Aim of the exercise
Produce an exact copy of all the data below, dropping every image.

Data
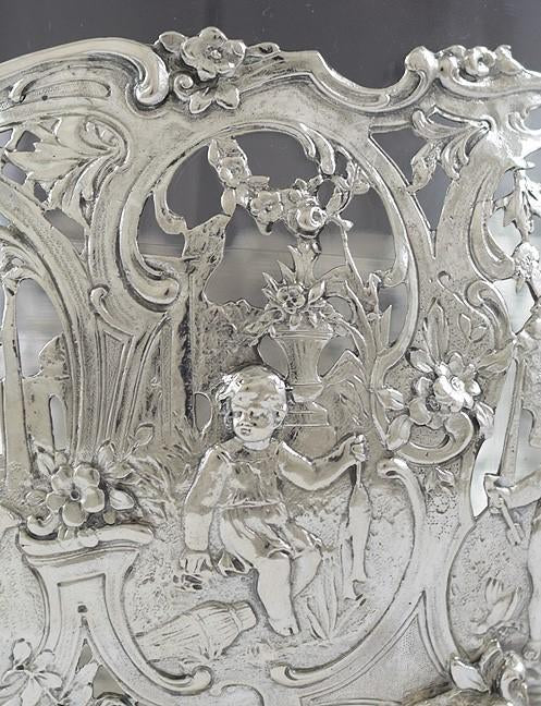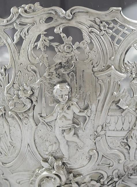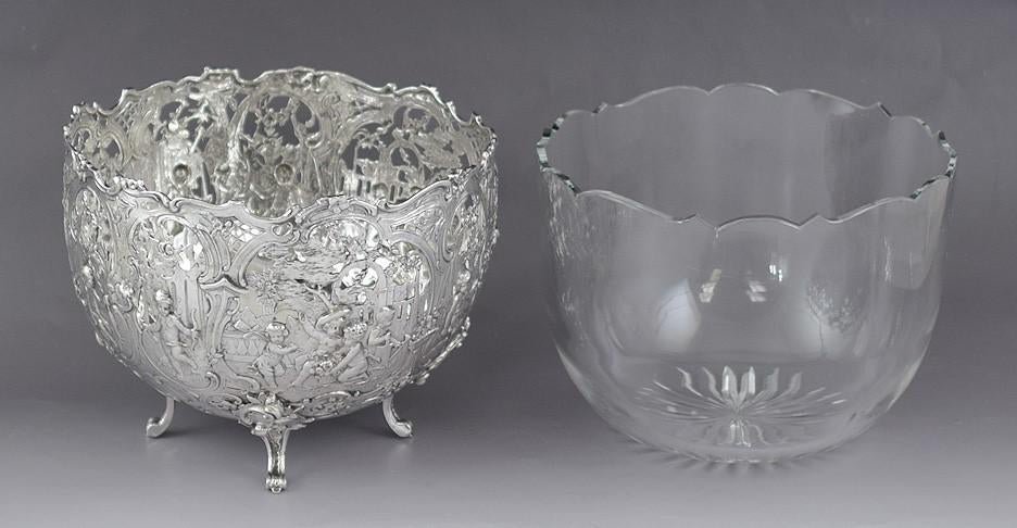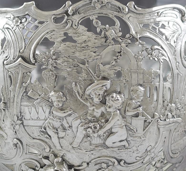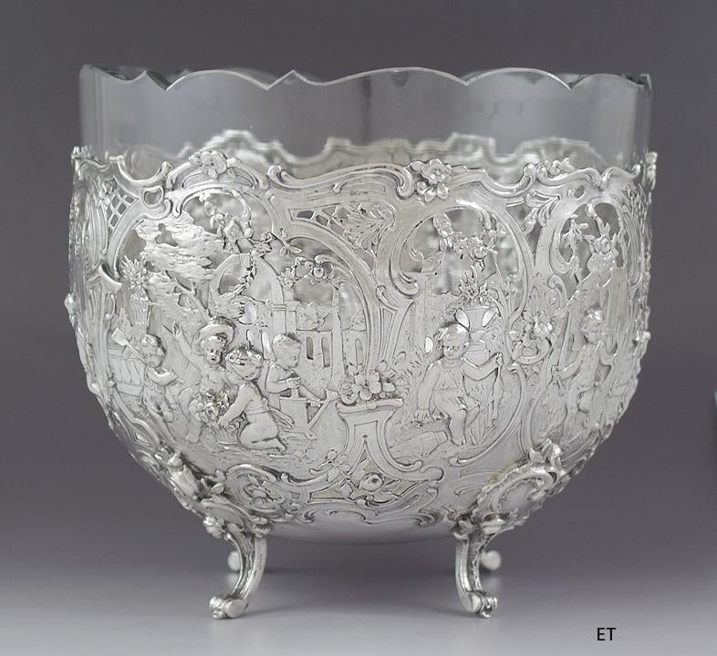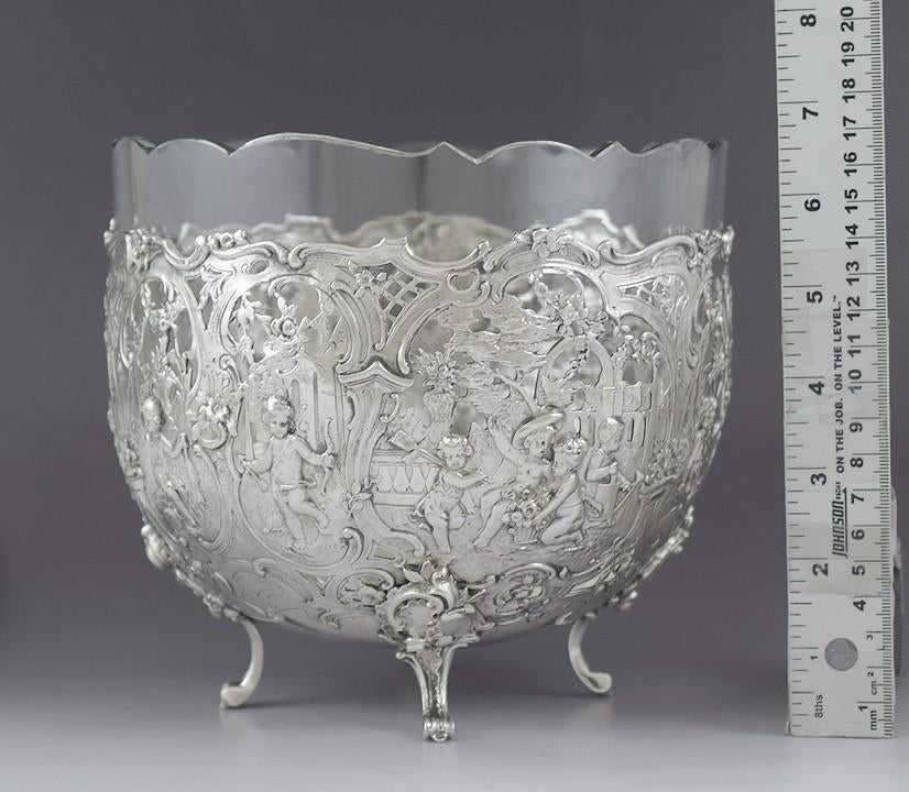 Presented is a fabulous German silver and cut glass bowl. This piece was made by Storck & Sinsheimer and dates to circa 1900. The bowl done in a beautiful openwork design, with a cut glass liner. The glass portion has a decorative edge, done in elegant swooped and pointed shapes around the rim. The silver portion is ornately decorated with cherubs engaged in various activities like gardening and fishing, surrounded by classical floral and scrollwork decoration. The bowl stands on four scroll form feet.
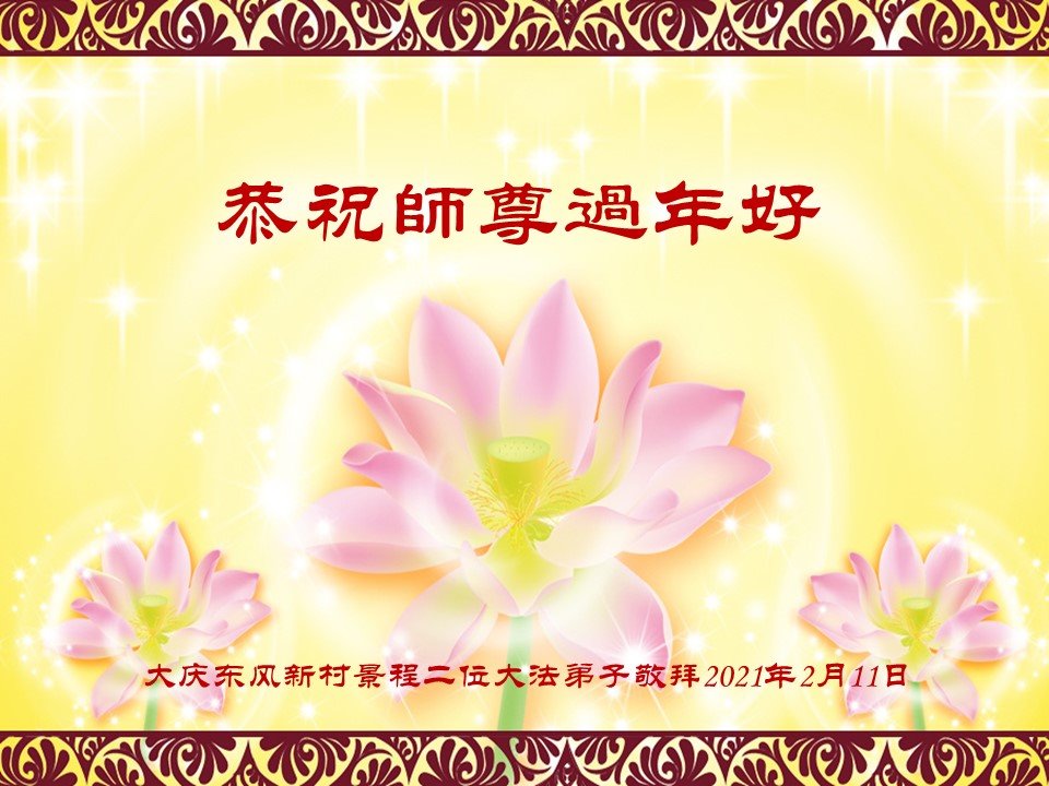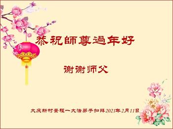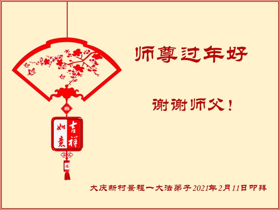 【明慧网二零二一年二月十日】 黑龙江省大庆东风新村景程一大法弟子恭祝师尊过年好!
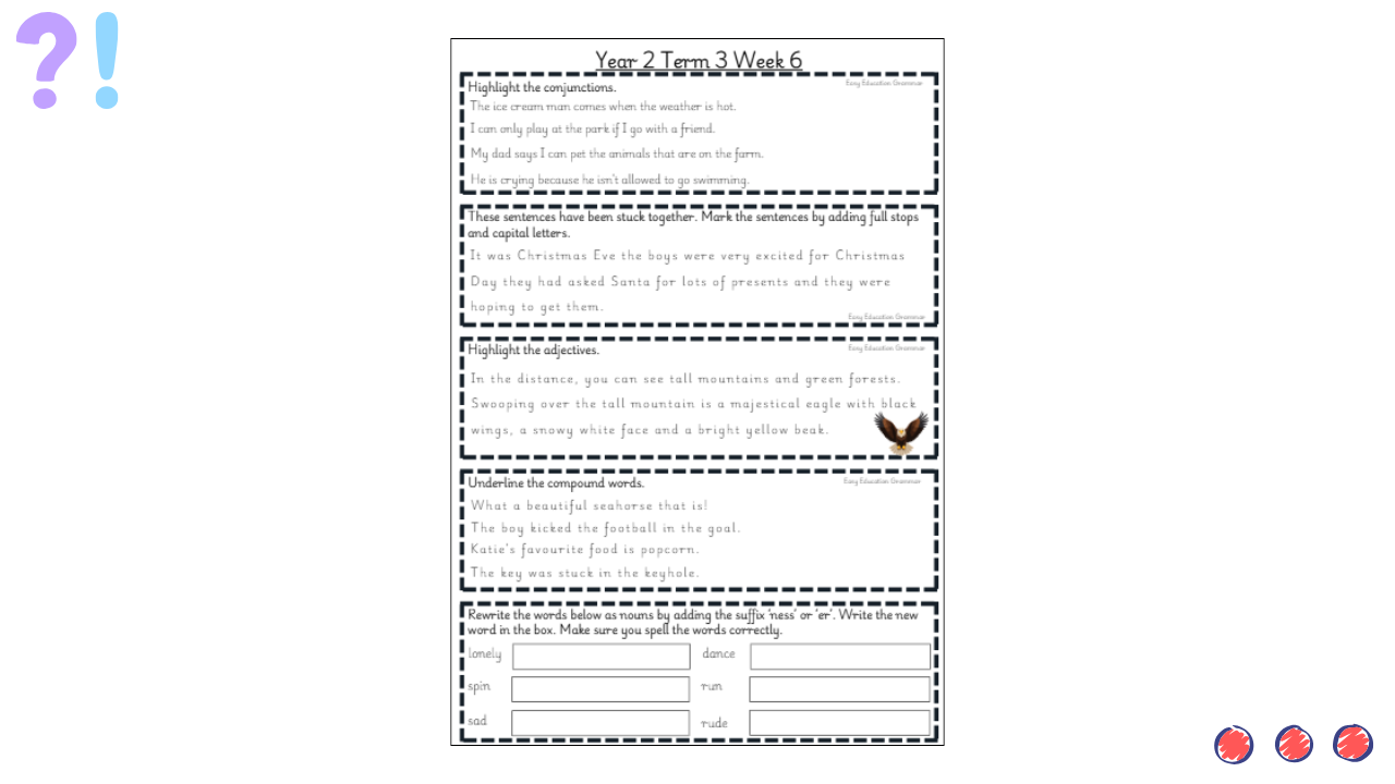 These weekly starters provide short, focused activities designed to reinforce grammar, punctuation and sentence structure skills. They are ideal for settling pupils at the start of an English lesson, revisiting prior learning and building confidence in applying key writing skills.

Response area
 Presented is a fabulous German silver and cut glass bowl. This piece was made by Storck & Sinsheimer and dates to circa 1900. The bowl done in a beautiful openwork design, with a cut glass liner. The glass portion has a decorative edge, done in elegant swooped and pointed shapes around the rim. The silver portion is ornately decorated with cherubs engaged in various activities like gardening and fishing, surrounded by classical floral and scrollwork decoration. The bowl stands on four scroll form feet.
 【明慧网二零二一年二月十日】 黑龙江省大庆东风新村景程一大法弟子恭祝师尊过年好!
 These weekly starters provide short, focused activities designed to reinforce grammar, punctuation and sentence structure skills. They are ideal for settling pupils at the start of an English lesson, revisiting prior learning and building confidence in applying key writing skills.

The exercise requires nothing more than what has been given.